The digest is 64 hex characters. Mixed case is accepted; whitespace is not.

Relationship to TLS

TLS protects against in-flight tampering. It does not protect against:

  • The origin serving a corrupted file.
  • A CDN mirror serving a stale or wrong file.
  • A --mirror URL pointing at a subtly different object.
  • A mid-flight transmission glitch that survives TLS framing (rare but observed).

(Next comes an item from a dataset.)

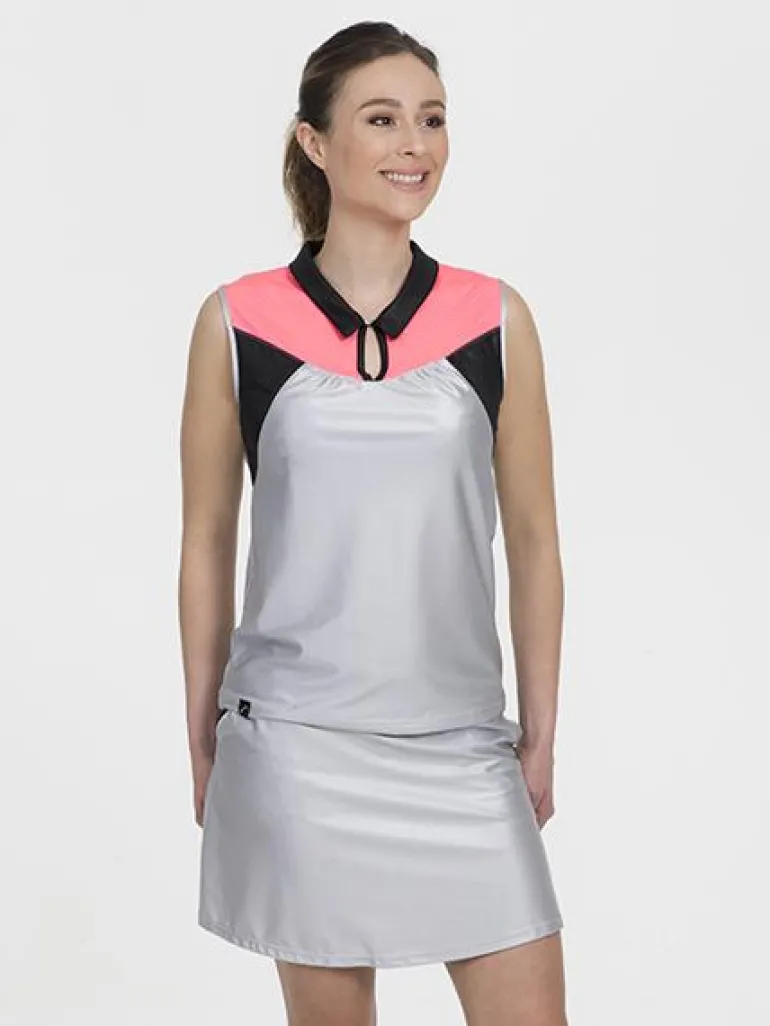 Slip on this unique SwingDish Savannah Sleeveless Polo and the flow of the fabric will have you hooked. It has a beautiful button closure accent or you can leave it open for a simple V neck look. Check out more from our Fitness Collection.

--sha256 enforces a published-by-the-source contract (the project declares "this archive's hash is X") end-to-end.

Multi-URL runs

For multi-part URLs and multi-volume archives, --sha256 is repeatable. Pass zero flags (no verification) or exactly one --sha256 per URL, paired by order:

peel \
  https://host/dataset.tar.part0000 \
  https://host/dataset.tar.part0001 \
  --sha256 0a8de6e83fd8ba040fd052fd8d4fd0e009a9736ace5cb32bb2abd4ac6a61725d \
  --sha256 1bcf4d2e9aa01ff5...                                              \
  -o ./out/

Each part's hash is verified at its part-boundary as the decoder advances. A wrong number of --sha256 flags (1 hash for 2 URLs, 3 hashes for 2 URLs) is rejected at parse time.

Scope and limits

  • --sha256 covers the streaming pipeline: anything that goes through the .tar.* / raw codec / .7z path.
  • .zip archives extract per-entry and integrity checking does not extend to the streaming-source path in the current release. Each ZIP entry's own CRC32 (in the central directory) is still verified per-entry.
  • For .rar and .7z, the format's per-entry integrity check (RAR's BLAKE2sp / CRC32, 7z's per-substream CRC32) is verified independently and on top of --sha256.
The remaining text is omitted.